Tiptoeing into Music

Have you ever tried teaching musical chord theory to a six-year-old?

Me either.  

Wow, that would be crazy.  I can’t even imagine.  I suppose there are people who can do it–and six-year-olds who can learn it–but they’re not in my immediate family.

If I’m being honest, my own grasp of music theory isn’t that great, but that doesn’t mean I can’t play what have been called the “three magic chords” on a few different instruments.  In case you don’t know, and you’re not six years old, the “three magic chords” in any key are the 1st, the 4th, and the fifth; in the key of C, that would be C, F, and G.  If that doesn’t make sense, please just trust me for now.  Many, many songs are based on those three chords alone; if you want me to I can make up a percentage, but for now I’ll leave it at, “it’s a lot.”

So, back to the six-year-old.  It’s my youngest granddaughter (my regular readers nod their heads and whisper, “Of course it is”), who’s been showing an interest in music for a few years now.  Until now, my encouragement has been limited to modeling (read: playing) and making instruments available.  Making them available, that is, with close supervision for everything except the dulcimer since it’s darn near indestructible.

When it comes to actually teaching, though, one of the obstacles young people face when learning a stringed instrument is, well, the strings.  Typically steel with a diameter measured in thousands of an inch, they’re tensioned to a degree that means simply pushing them to the fingerboard is anything but simple when your hand is small.  Adults know the pain as well when they first start playing–it’s hard.

The aforementioned dulcimer is nice to play because of its low string action, but it’s not a “guitar,” and it doesn’t have the same appeal as the instrument grandpa plays.  

Enter the ukulele.

The ukulele has enjoyed a surge of popularity in the last decade or so, but until now I’ve largely let it go by.  My, ahem, older readers might get the reference when I say that my being well over six feet tall and the fact that I go by, “Tim,” has had something to do with my hesitation toward the instrument.  Maybe I just wanted to avoid the latest fad, I don’t know.  Regardless, I haven’t had an interest until my youngest kin expressed a desire to play an instrument like the one I do.

Though the ukulele isn’t indestructible, it is relatively inexpensive, so two of them now have a home in my living room, readily available to the youngest musicians in my life as well as to me.  They’re fun to play, and they’ve got me thinking about polishing up my falsetto.

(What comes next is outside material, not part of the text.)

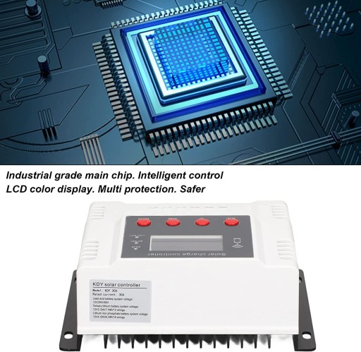 Функція Цей сонячний контролер для фотоелектричної генерації електроенергії збирає енергію від сонячної панелі та зберігає її в акумуляторі. ШІМ-заряджання Фотоелектричний контролер використовує ШІМ-заряджання з повним 3-ступеневим ШІМ-керуванням заряджанням. Багаторазовий захист. Сонячний контролер має вбудований захист від заряду, короткого замикання, розриву ланцюга та захист від зворотного з’єднання, усі вони працюють самостійно та не пошкоджують контролер. РК-дисплей Сонячний контролер оснащений великим РК-екраном, на якому можна регулювати параметри заряджання та розряджання. Мікросхема промислового класу Сонячний контролер використовує основний чіп промислового класу зі стабільною та довговічною продуктивністю.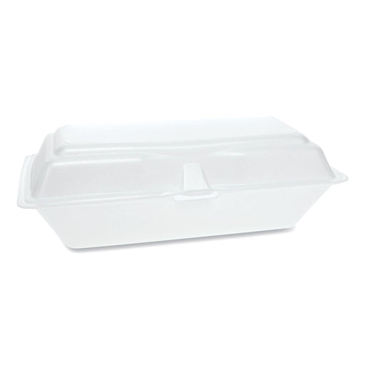 Foam Hinged Lid Containers, Dual Tab Lock Hoagie, 13 x 4 x 4, 1-Compartment, White, 250/Carton

We’ll see.

3 Comments

  1. That sounds like so much fun! My 8 year old is desperate to learn the banjo, and has been for a long time. My husband took him to a ukulele class that was supposedly for beginners and okay for kids, but it wasn’t really. He’s taking piano while waiting for his fingers and hands to grow!

    Liked by 1 person

  2. I really like the innuendo in your title and your post about someone else named Tim only those of us old enough would know! I hope your uke lessons with your youngest grandchild go well. I have one, but sadly, have never learned to play it. Enjoy!